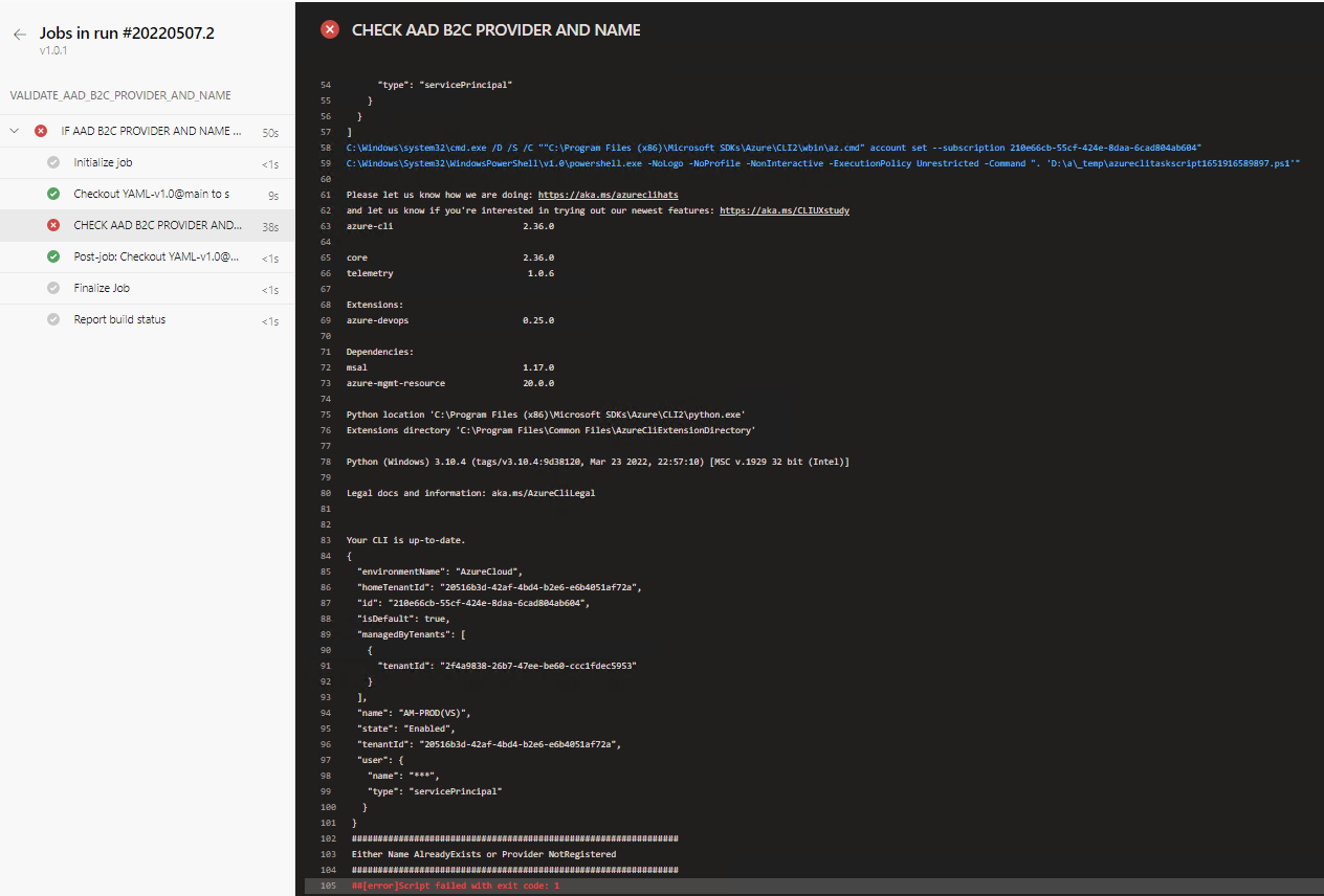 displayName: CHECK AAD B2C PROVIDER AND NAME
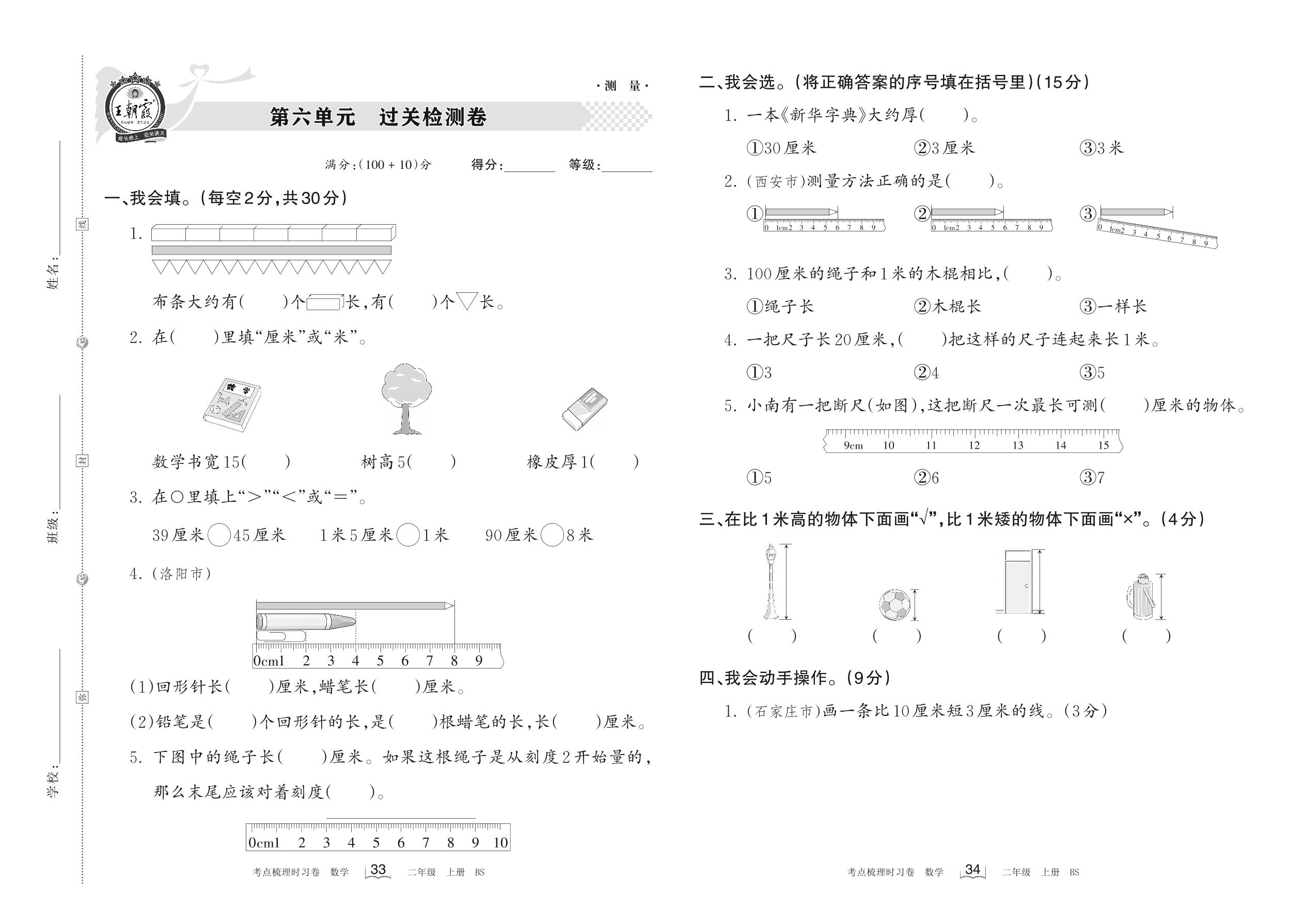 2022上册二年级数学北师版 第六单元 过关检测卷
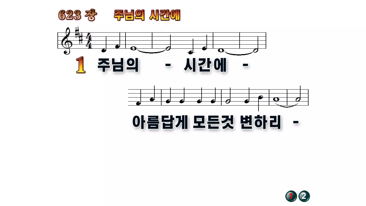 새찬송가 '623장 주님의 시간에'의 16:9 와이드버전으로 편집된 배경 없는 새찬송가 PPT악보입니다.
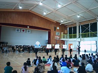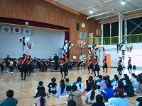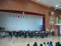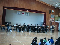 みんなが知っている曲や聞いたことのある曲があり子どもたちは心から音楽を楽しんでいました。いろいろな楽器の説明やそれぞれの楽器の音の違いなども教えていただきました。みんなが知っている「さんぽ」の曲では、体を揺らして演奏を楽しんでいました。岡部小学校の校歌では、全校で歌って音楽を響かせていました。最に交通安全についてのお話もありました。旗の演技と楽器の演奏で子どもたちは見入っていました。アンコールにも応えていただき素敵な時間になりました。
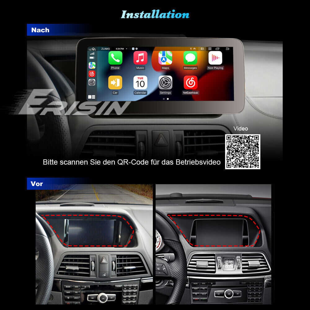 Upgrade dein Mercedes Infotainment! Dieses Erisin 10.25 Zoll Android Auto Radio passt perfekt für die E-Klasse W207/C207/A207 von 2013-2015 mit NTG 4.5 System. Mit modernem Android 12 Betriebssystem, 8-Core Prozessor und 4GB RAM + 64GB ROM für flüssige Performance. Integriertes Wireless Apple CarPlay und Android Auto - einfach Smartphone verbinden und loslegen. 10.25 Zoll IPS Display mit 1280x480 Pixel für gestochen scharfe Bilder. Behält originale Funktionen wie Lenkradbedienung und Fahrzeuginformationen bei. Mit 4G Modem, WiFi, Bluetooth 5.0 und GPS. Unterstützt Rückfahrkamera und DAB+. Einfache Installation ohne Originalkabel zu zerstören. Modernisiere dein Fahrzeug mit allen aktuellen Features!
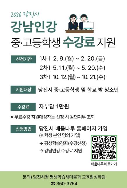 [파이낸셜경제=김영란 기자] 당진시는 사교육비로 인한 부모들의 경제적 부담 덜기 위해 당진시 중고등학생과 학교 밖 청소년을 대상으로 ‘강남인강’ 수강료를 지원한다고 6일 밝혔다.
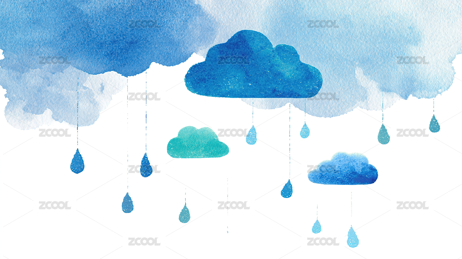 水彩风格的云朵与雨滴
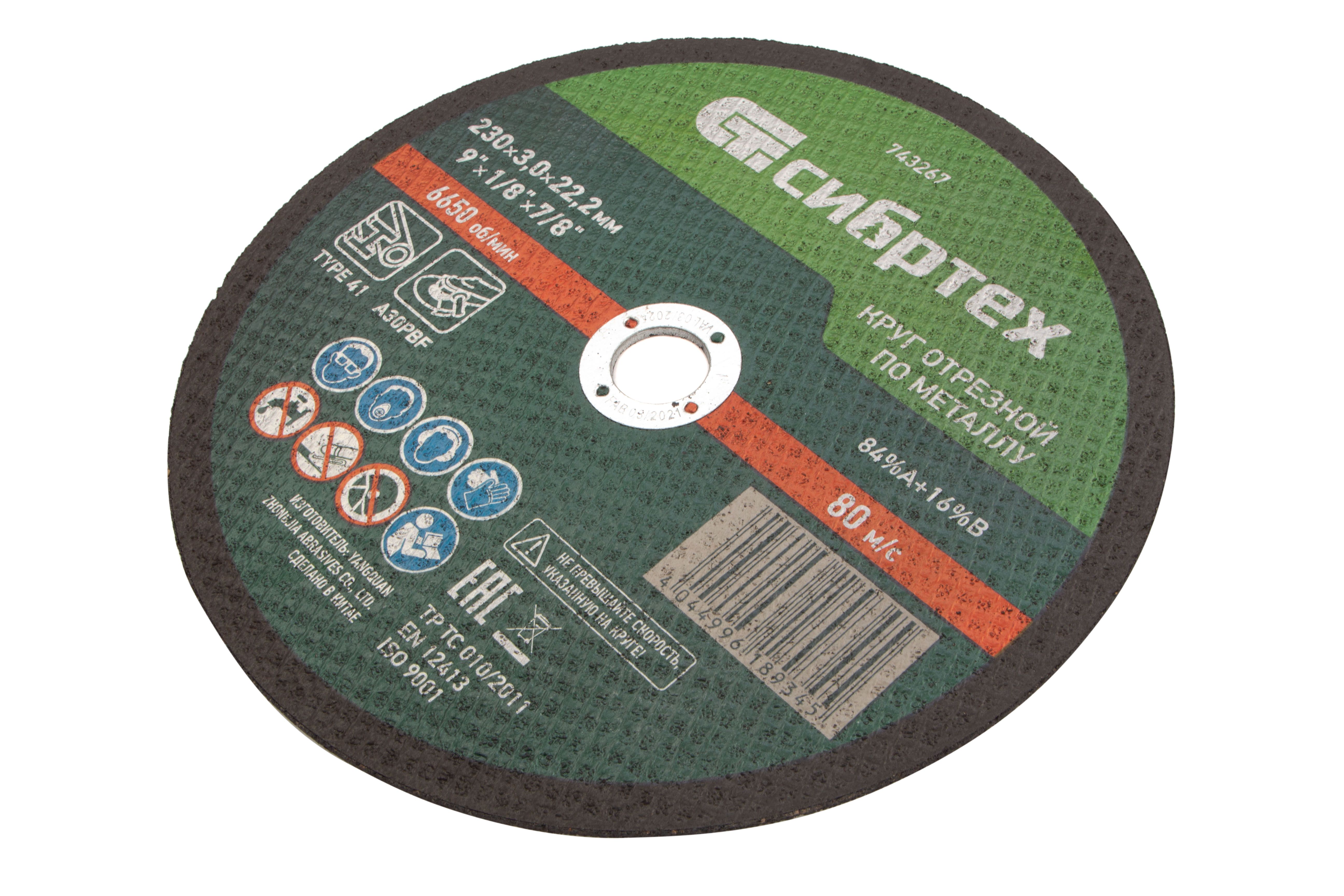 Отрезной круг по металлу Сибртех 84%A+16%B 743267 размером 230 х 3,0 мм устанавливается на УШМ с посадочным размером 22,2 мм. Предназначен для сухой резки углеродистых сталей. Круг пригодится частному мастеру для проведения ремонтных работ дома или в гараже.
•••
> [TASK STATEMENT]:
Beginning with the line above that has "새찬송가 '623장 주님의" and going on through the line that has "みんなが知っている曲や聞いた", retype every line exactly and add nothing else; drop the pictures.

> [OUTPUT FOR THIS EXERCISE]:
 새찬송가 '623장 주님의 시간에'의 16:9 와이드버전으로 편집된 배경 없는 새찬송가 PPT악보입니다.
 みんなが知っている曲や聞いたことのある曲があり子どもたちは心から音楽を楽しんでいました。いろいろな楽器の説明やそれぞれの楽器の音の違いなども教えていただきました。みんなが知っている「さんぽ」の曲では、体を揺らして演奏を楽しんでいました。岡部小学校の校歌では、全校で歌って音楽を響かせていました。最に交通安全についてのお話もありました。旗の演技と楽器の演奏で子どもたちは見入っていました。アンコールにも応えていただき素敵な時間になりました。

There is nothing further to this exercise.